◆ **Task brief**
Retype only the lines running from the beginning of the entries below to the line with "Киев 2014 г.", both included. Do not include pictures.

Records supplied Start Marker

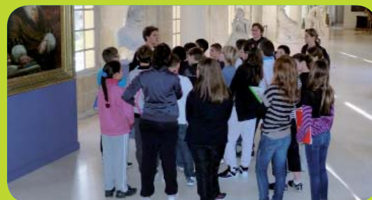
Des élèves du Collège du Bosquet de Bagnols-sur-Cèze en visite au musée Calvet dans le cadre du partenariat AREVA.

En 2011 et jusqu'en 2012, AREVA vallée du Rhône soutient deux expositions majeures à Avignon et Montélimar :
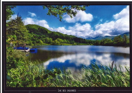
LAC DES CASCADES

Gilles BONNET 7 Rue des Meuniers 63170 AUBIERE
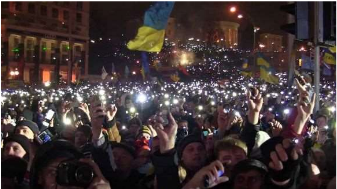
Киев 2014 г.

На протяжении нескольких дней в Екатеринбурге было особенно видно применение западных методов раскачивания ситуации в обществе, которые уже хорошо отработаны на протяжении нескольких десятилетий в разных странах мира, в том числе и на Украине в 2014 году, где Запад праздновал победу над успешной реализацией проекта по свержению неугодного Виктора Януковича. Более чем, можно быть уверенным, что протестные акции в Екатеринбурге были оплачены за счёт западных фондов, которые выделяют миллиарды долларов США на подобные мероприятия по свержению власти. Екатеринбург был выбран ими не случайно, поскольку здесь есть предпосылка для начала сепаратизма и нарушения территориальной целостности России как единого государства. На территории Свердловской области в одно время поднимался вопрос о суверенитете и создании отдельного государства под названием "Уральская республика", в связи с чем даже был придуман атрибут "нового" государства – флаг.

Records supplied End Marker

◆ **Answer box**
Des élèves du Collège du Bosquet de Bagnols-sur-Cèze en visite au musée Calvet dans le cadre du partenariat AREVA.

En 2011 et jusqu'en 2012, AREVA vallée du Rhône soutient deux expositions majeures à Avignon et Montélimar :
LAC DES CASCADES

Gilles BONNET 7 Rue des Meuniers 63170 AUBIERE
Киев 2014 г.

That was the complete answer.